Crystal packing of VPg-ProC139A (INFE) construct. (A) The C-terminal tail (orange sticks) of the protease molecule (cartoon representation in orange), representing the natural substrate (P4 to P1 [INFE]), inserts into the active site of the symmetry-related molecule (shown in blue cartoon representation), and vice versa. The C-terminal tail was built in the FoFc difference electron density map (3σ). The close-up view of the inset shows INFE (orange sticks) bound to the substrate binding pocket of the protease (shown in surface representation).

Substrate interactions involving the S1 and S2 binding pockets.

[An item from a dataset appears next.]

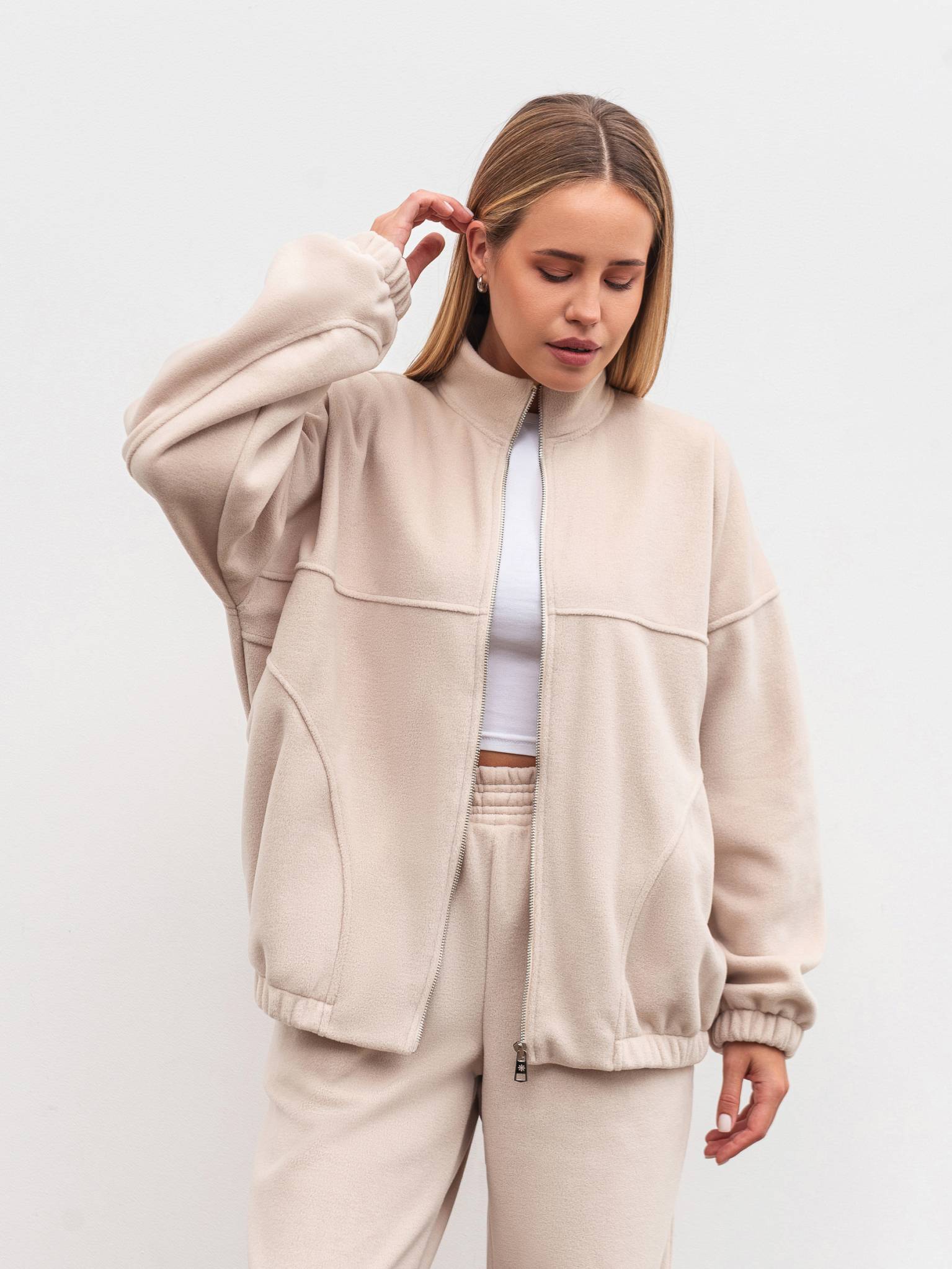 Удлиненный флисовый бомбер "Норд" Romashka, Бежевый, M|L 19780

Comparative analysis of the protease structures with bound TALE and INFE substrates provided insight into how the amino acid variations are accommodated by the NV protease. The P4 to P1 residues in the substrate interact with specific pockets in the protease, termed S4 to S1, that line the substrate binding groove between the two domains. The majority of the interactions with both TALE and INFE substrates occur at the S1 and S2 pockets (Fig. 4). The S1 pocket, adjacent to the active site, is formed by residues in domain II, H157 and T134 in the loop region that connects β-strands cII and dII, and A160 of the eII β-strand. In both substrates, the P1 residue is Glu, which fits tightly within this pocket through a network of hydrogen bond interactions. Oε1 of the Glu-P1 side chain participates in hydrogen bond interactions with Nε2 of the imidazole ring of H157 and the hydroxyl group of T134, whereas Oε2 makes hydrogen bonds with two ordered water molecules. In the case of the INFE substrate, these water molecules participate in additional hydrogen bonds involving T134, Gln-P3, and the backbone carbonyl oxygen of Ala160. In the native protease structure, the hydroxyl group of the T134 side chain is hydrogen bonded to H157 (Nδ1) via a water molecule, whereas in the substrate-bound structures, this water molecule is replaced by Oε1 of Glu-P1. Tyr143 (OH) also participates indirectly in the stabilization of the P1 side chain by hydrogen bonding to H157 (Nδ1) such that the imidazole ring is properly oriented for hydrogen bond interactions with the Glu-P1 side chain. In addition to hydrogen bond interactions, Glu-P1 is further stabilized by several hydrophobic interactions in the S1 pocket, involving T134, I135, and P136, belonging to the dII loop, and A158 with A160 of the eII β-strand. These interactions allow the terminal carbonyl carbon of the substrate to be positioned appropriately relative to the nucleophilic Cys139 residue for catalysis.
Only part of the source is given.